James point out that Bing does not want to limit the scope for advertisers to just its own product offerings. Microsoft’s vision is, according to James, to democratise artificial intelligence, which means empowering every person and organisation to create their own AI solution, tailored to their specific needs. For example, McDonalds used Microsoft’s speech recognition to improve their DriveThru service, transcribing customer orders in a quicker and more efficient manner. Uber have used our facial recognition technology to create a driver verification system that improves customer trust and safety.
This is not voice and visual search as we typically think about it, but it’s the same core technologies being used in creative new ways to solve customer problems.
Advertising will undoubtedly drive the use of voice and visual by marketing agencies
When asked what holds them back from investing more in voice and visual, our panellists were unanimous – it’s the lack of advertising opportunities.
While this may seem counter-intuitive given that many users presumably shy away from ads, the reality is that advertising can be the clearest way to measure ROI. Especially given the lack of solid tracking available for voice search in particular, the search giants need to provide a quantifiable platform on which to review the output of any voice, or indeed visual, campaign.
But this isn’t easy, Arianne explained.
“There’s a number of interesting considerations to be considered as voice in particular rolls out – if the aim is to return the one “best” answer for you, how do you represent your brand online so that the assistants can find out everything they need?”
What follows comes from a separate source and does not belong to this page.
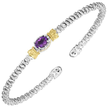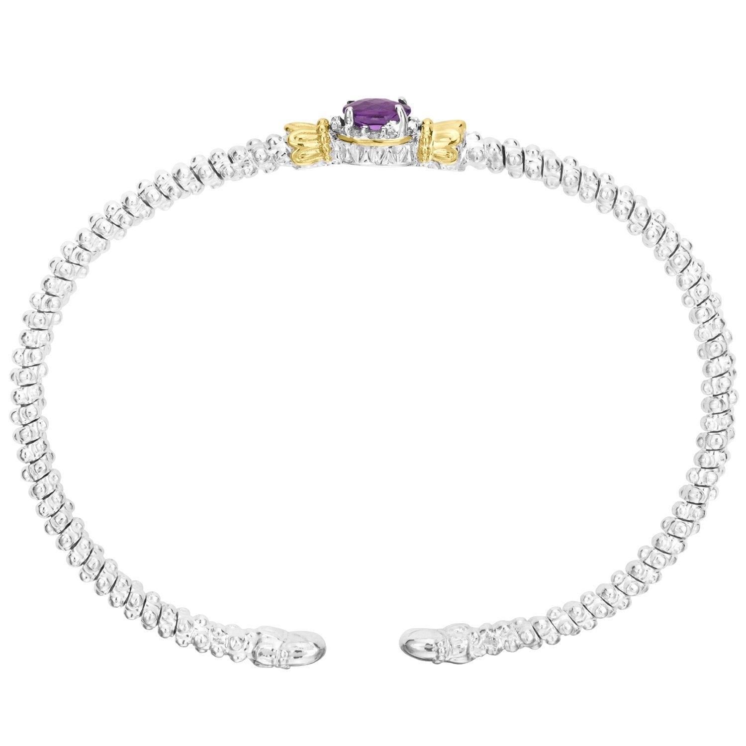 14K Gold and Sterling Silver, Amethyst and Diamond Stackable Bracelet
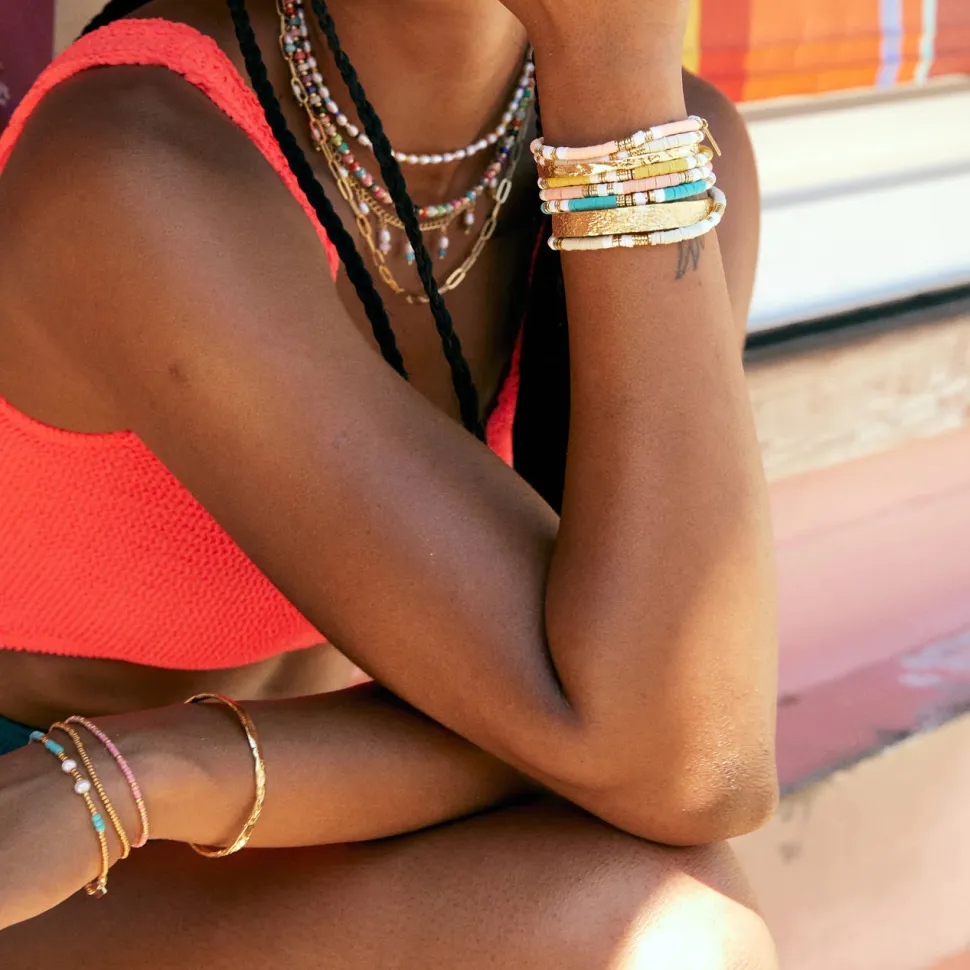 Beach style is on trend, and with the bright coloured Amari Bracelets you will be too! With the coolest range of colours to choose from, we recommend stacking them up, mixing and matching, and making this style super unique to you!

Best tip: Consider your priorities. If you are smashing it in the text based SERPs and keen to explore a new avenue, voice – and in particular, visual – can provide that opportunity. But be aware you may not be able to track the results too closely just yet.
As James pointed out:
“For many clients it is a case of priorities. We are all busy people, and finding the time to dedicate to new disciplines like voice and visual search, where the opportunities are still nascent, is difficult to justify. I think voice search will be the next digital obsession, in the same way that mobile has been for most of the last decade. Much as we saw with mobile, those advertisers that are willing to experiment whilst the technology is still in its infancy, will be ahead of the curve once it becomes a marketing “must have” rather than a “nice to have”.”
Attribution and reporting are the biggest roadblocks to voice and visual search today
When it comes to us marketers making use of the potential of voice and visual search, the panel was in agreement – attribution and reporting need to improve for widespread take up to occur.
For us at Impression, our differentiating point is that we’re very data-driven and results-focused. But how can you truly be those things when there’s no way to quantify how much of your traffic, and therefore how much of your revenue or sales, came from voice?
Ben agreed, suggesting that “Many of the leading reporting platforms out there don’t enable us to report on visual search impressions for example, and voice search reporting and attribution is currently non-existent.” If the likes of Google were to provide voice insight through Search Console, it would almost certainly open the voice market up to a lot more businesses who simply won’t be willing to take the plunge until they know what they’re getting back.
Best tip: You’re going to have to wait for attribution to catch up, but in the meantime, clients who have excelled in traditional search may be inclined to explore the potential of voice.